Tier 3 is Landscape Recovery, which will focus on landscape and ecosystem recovery. This will include creation of large forests, peatland restoration, or the creation and restoration of wetlands and salt marshes.
Ministers are launching an advisory booklet with a timetable of steps towards the end date for direct payments.
They’ll be offering help and advice to farmers. They will also offer grants, for instance, for farmers to manage livestock slurry more carefully – it’s a major cause of water pollution.
'Lack of detail'
Polluters will receive a warning letter instead of an automatic fine. But the government says it’ll target repeat offenders, and focus on sensitive areas.
Richard Benwell, from the green umbrella group Wildlife and Countryside Link, told the BBC: “It’s absolutely right to take a less bureaucratic approach on one-off minor breaches, but this should be accompanied by more consistent monitoring and enforcement of major or persistent breaches.
“Those words are in the government’s document, but a plan for actually delivering it is noticeably absent.” He said of the whole plan: “The overall impression here is an abiding lack of detail.”
NFU president Minette Batters said: “Farmers are up for a new world of carbon neutral food. We need fewer inputs of pesticide and fertiliser and better animal health – but the incentives have to be there.
“There’s going to be real pain for lowland beef, upland beef, and sheep farmers. How much pain we don’t know until we’ve seen the details we’ve been waiting four years for.”
'Wreaked devastation'
Craig Bennett, from the Wildlife Trusts, criticised the announcement for what he called a lack of clarity and urgency.

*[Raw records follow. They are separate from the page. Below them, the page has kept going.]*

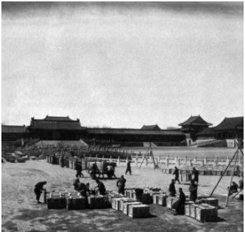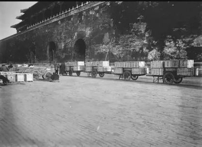 集聚在午门前预备南迁的故宫文物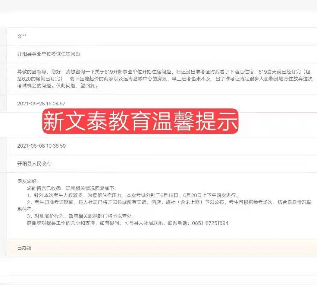 考生印准考证期间,县人社局已将开阳县城所有宾馆、酒店、旅社(含未上网)予以公布,考生可根据参考场次,结合自身情况联系住宿。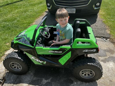 - Kids' toy battery car with a Rock Roller MX4 UTV design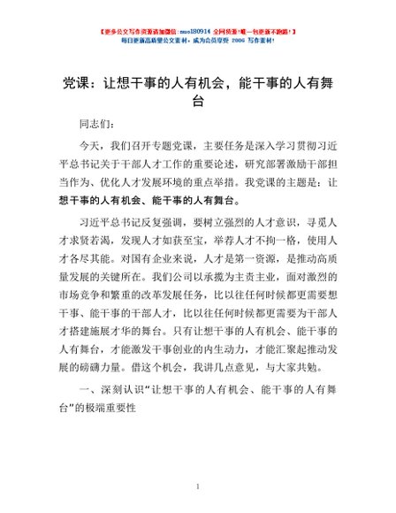 / 党课:让想干事的人有机会,能干事的人有舞台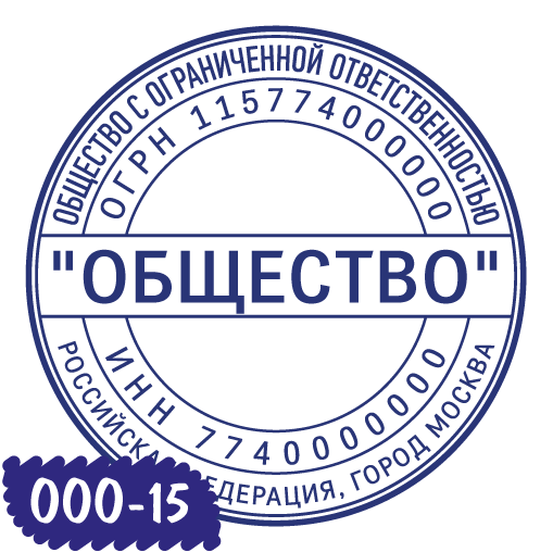 У нас Вы можете заказать Простую печать Общества с ограниченной ответственностью ООО-15. Необходимые данные для ООО, ЗАО, ОАО: Вид организационно правовой формы, Субъект регистрации, ОГРН, наименование (согласно Уставу), ИНН.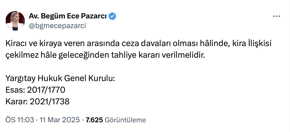 Begüm Ece Pazarcı paylaşımında “Kiracı ve kiraya veren arasında ceza davaları olması hâlinde, kira İlişkisi çekilmez hâle geleceğinden tahliye kararı verilmelidir.” dedi.

He said: "The [EU's] Common Agricultural Policy wreaked devastation on our wildlife whilst causing deep-seated issues in farming communities by affecting rents and production.

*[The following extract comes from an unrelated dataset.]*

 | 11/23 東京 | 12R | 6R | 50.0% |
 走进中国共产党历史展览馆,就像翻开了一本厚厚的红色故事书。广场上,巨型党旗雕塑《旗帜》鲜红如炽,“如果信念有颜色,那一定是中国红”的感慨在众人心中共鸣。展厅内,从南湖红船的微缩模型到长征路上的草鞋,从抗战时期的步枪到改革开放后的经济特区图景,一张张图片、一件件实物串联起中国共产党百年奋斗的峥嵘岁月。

"We must not spend the next few years just talking; nature needs the help promised by this government and we cannot afford to waste any more time."

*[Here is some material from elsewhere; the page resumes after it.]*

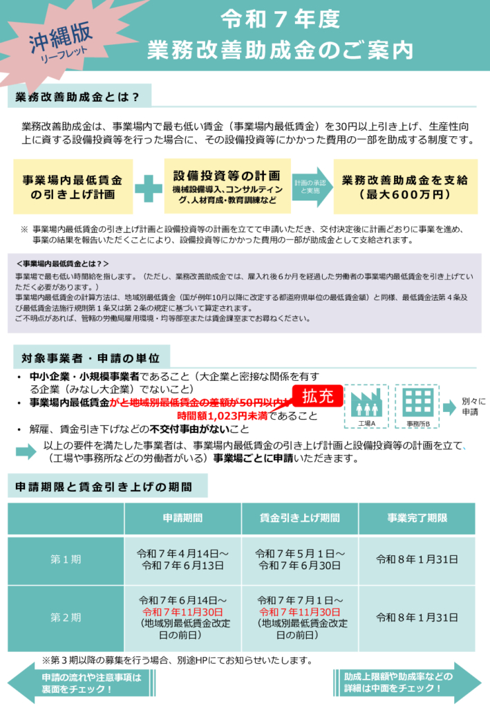 令和7年度沖縄県最低賃金の改正について おしらせ 2025-09-29 沖縄労働局より令和7年12月1日から沖縄県の最低賃金は1,023円に改正されます。改正に伴い周知依頼がございましたのでお知らせします。 また、中小企業・小規模事業者に対する最低賃金引上げ等に向けた環境整備のための各種支援策がありますのでご活用いただけますようお願いいたします。 ご不明な点等がありましたら、竹富町商工会へご連絡ください。 竹富町商工会 Tel:0980-82-5616

There’s a big disparity between government and NFU estimates of the likely impact from the changes on farmers.
Experts say some environmental solutions will be hard to define. Take soil: the government wants to conserve soil because it improves productivity and captures planet-heating carbon emissions.
But Prof Jane Rickson from Cranfield University asks: “What soil properties should be measured and monitored? Different soils will have naturally variable levels of soil carbon, irrespective of how they are managed.”
Prof Rickson said an alternative approach is to ignore measurement of soil properties and reward farmers for farming in ways that typically improve soil carbon, such reduced ploughing, planting “cover crops” that hold soil together in winter, and grass buffer strips to catch soil running off fields in the rain.
Devolution questions
The government has accepted that the great farm transition is very much a work in progress – and details will follow on the road to the revolution in 2028.
The changes apply to England only. Devolved administrations in Wales, Scotland and Northern Ireland are devising their own plans.
Scotland, for instance, may keep some direct payments to farmers in case Scotland becomes independent and is admitted to the EU.
This may cause confusion and resentment in border country.